= Source data =
———

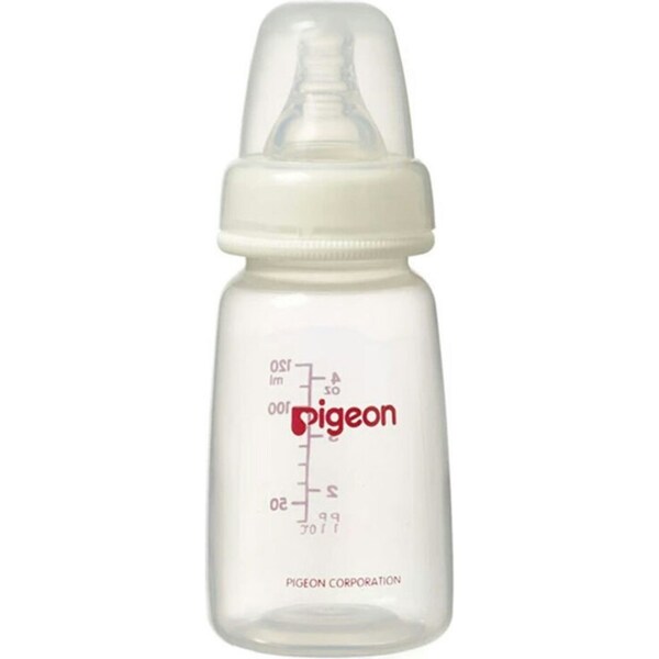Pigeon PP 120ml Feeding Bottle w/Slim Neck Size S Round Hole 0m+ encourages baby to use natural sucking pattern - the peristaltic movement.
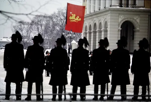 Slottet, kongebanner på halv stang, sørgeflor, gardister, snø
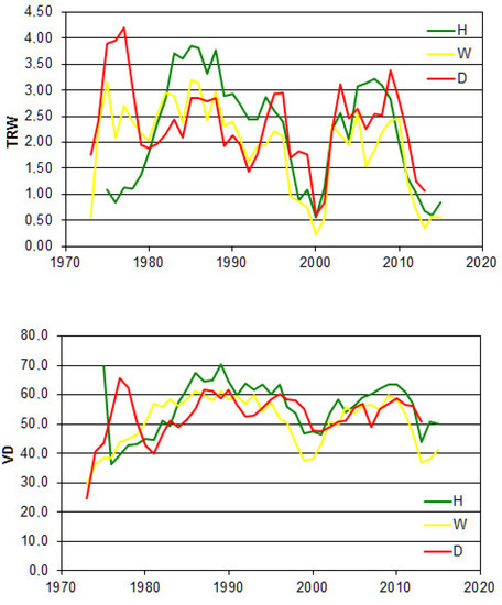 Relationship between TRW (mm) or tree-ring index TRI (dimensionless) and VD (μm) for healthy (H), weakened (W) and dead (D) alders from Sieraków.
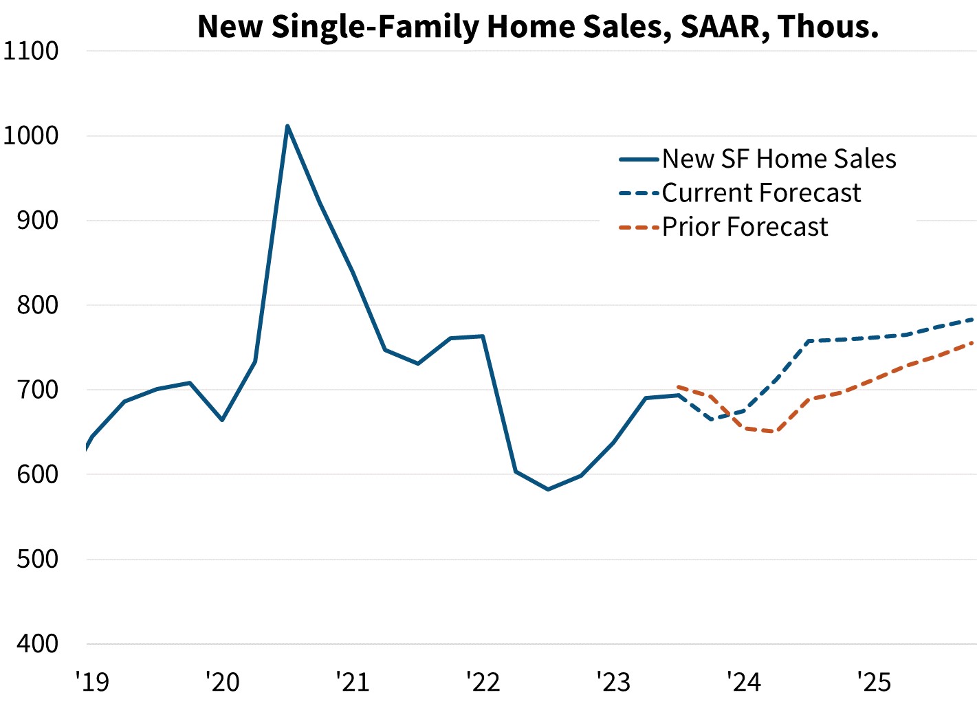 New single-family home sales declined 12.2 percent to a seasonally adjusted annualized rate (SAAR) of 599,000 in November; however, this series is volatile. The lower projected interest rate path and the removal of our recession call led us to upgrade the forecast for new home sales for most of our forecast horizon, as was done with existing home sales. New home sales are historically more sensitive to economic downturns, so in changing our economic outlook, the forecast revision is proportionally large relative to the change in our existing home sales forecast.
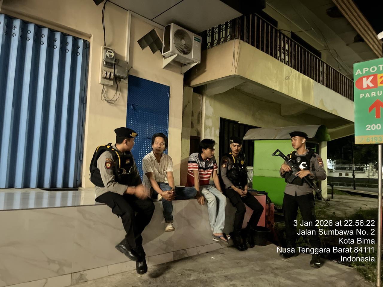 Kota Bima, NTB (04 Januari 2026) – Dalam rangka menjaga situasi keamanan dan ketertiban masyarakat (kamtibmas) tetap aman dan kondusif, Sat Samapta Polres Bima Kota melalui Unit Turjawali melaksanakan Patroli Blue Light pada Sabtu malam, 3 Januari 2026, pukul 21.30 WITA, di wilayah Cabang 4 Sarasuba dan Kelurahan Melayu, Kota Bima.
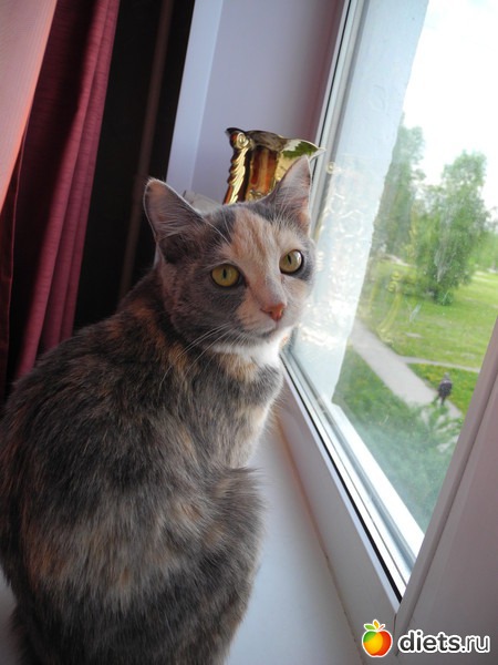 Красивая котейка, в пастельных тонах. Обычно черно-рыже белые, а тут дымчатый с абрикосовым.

———

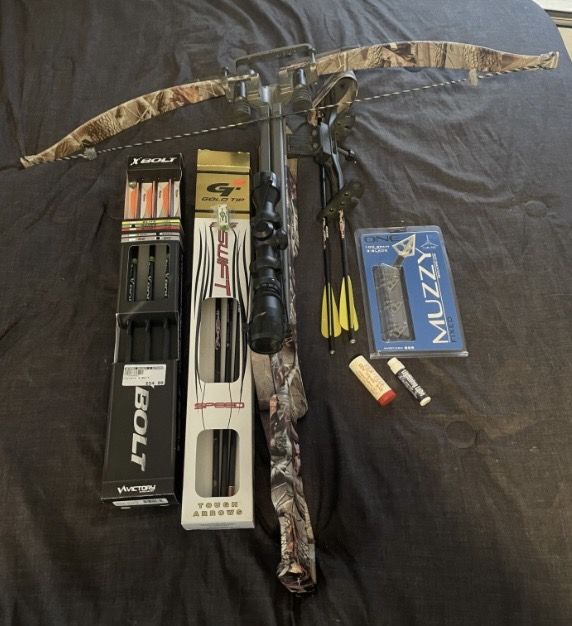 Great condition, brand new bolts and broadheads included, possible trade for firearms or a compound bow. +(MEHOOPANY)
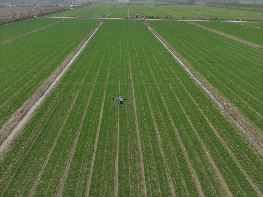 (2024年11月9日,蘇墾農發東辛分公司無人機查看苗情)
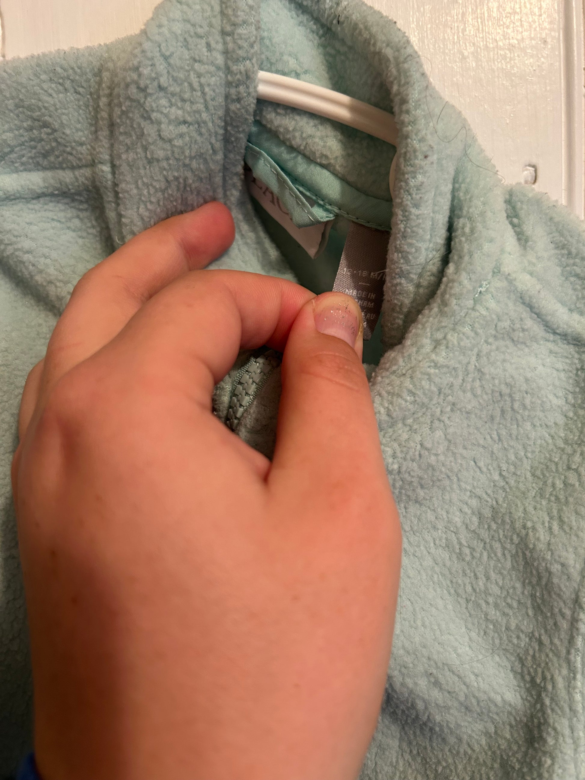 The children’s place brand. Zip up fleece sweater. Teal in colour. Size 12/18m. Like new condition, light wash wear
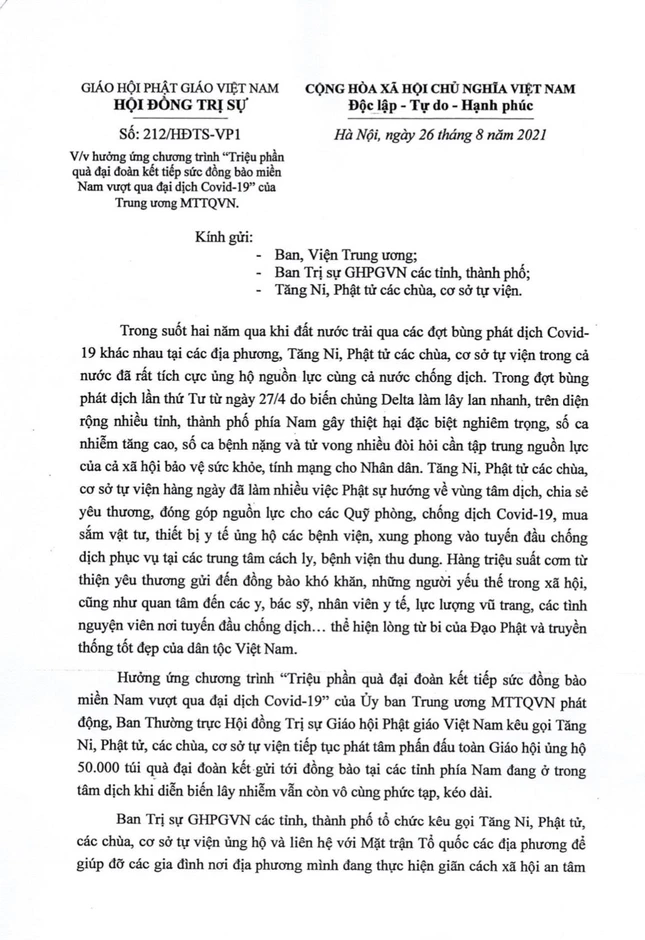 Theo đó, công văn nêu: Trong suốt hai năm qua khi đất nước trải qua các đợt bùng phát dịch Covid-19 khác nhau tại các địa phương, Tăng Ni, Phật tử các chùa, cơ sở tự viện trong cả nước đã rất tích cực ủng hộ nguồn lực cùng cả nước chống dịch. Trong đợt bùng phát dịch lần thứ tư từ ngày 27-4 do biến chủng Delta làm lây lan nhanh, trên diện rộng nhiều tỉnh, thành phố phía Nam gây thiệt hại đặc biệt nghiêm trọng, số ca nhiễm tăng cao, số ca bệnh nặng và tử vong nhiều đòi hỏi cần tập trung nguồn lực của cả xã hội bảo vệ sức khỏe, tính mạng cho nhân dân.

———

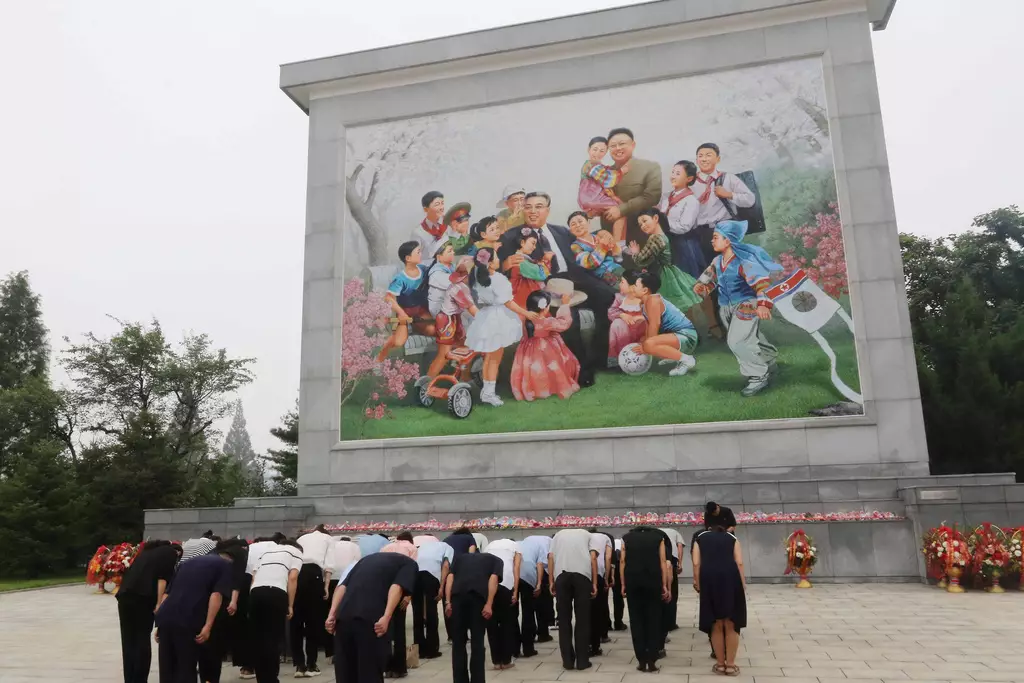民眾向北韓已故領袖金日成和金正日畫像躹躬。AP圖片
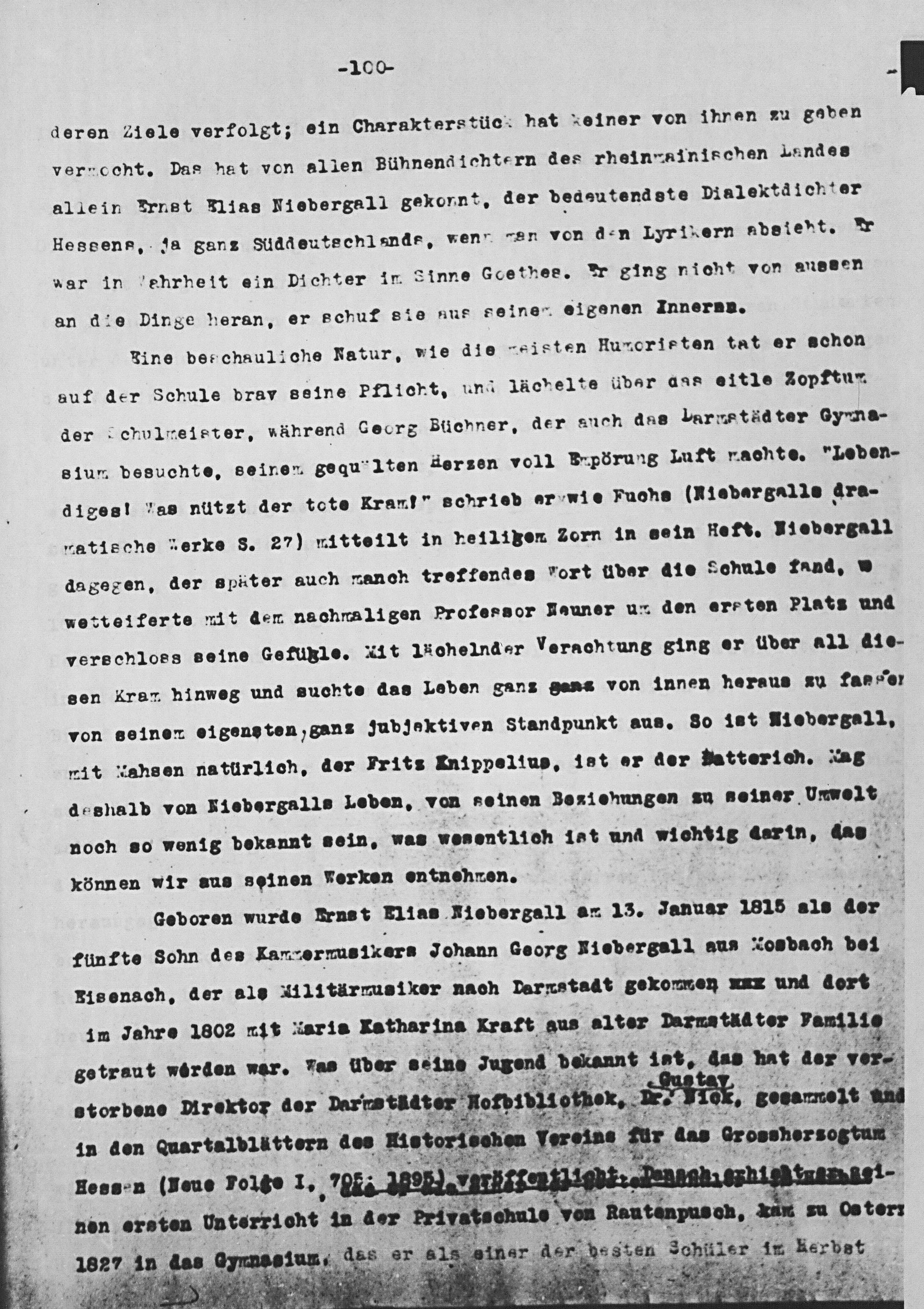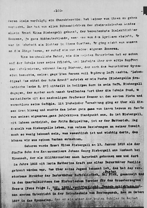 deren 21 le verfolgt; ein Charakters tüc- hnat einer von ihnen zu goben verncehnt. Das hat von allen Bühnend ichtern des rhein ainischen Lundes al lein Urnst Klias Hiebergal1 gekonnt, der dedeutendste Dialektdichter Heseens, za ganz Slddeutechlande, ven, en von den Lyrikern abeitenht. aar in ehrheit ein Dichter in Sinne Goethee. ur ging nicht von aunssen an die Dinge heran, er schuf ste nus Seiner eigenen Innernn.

———

= What to produce =
Take the material above and output only the lines from the one that contains "The children’s place" through the one that contains "Theo đó, công", ends included and images left out.

= Solution to this exercise =
 The children’s place brand. Zip up fleece sweater. Teal in colour. Size 12/18m. Like new condition, light wash wear
 Theo đó, công văn nêu: Trong suốt hai năm qua khi đất nước trải qua các đợt bùng phát dịch Covid-19 khác nhau tại các địa phương, Tăng Ni, Phật tử các chùa, cơ sở tự viện trong cả nước đã rất tích cực ủng hộ nguồn lực cùng cả nước chống dịch. Trong đợt bùng phát dịch lần thứ tư từ ngày 27-4 do biến chủng Delta làm lây lan nhanh, trên diện rộng nhiều tỉnh, thành phố phía Nam gây thiệt hại đặc biệt nghiêm trọng, số ca nhiễm tăng cao, số ca bệnh nặng và tử vong nhiều đòi hỏi cần tập trung nguồn lực của cả xã hội bảo vệ sức khỏe, tính mạng cho nhân dân.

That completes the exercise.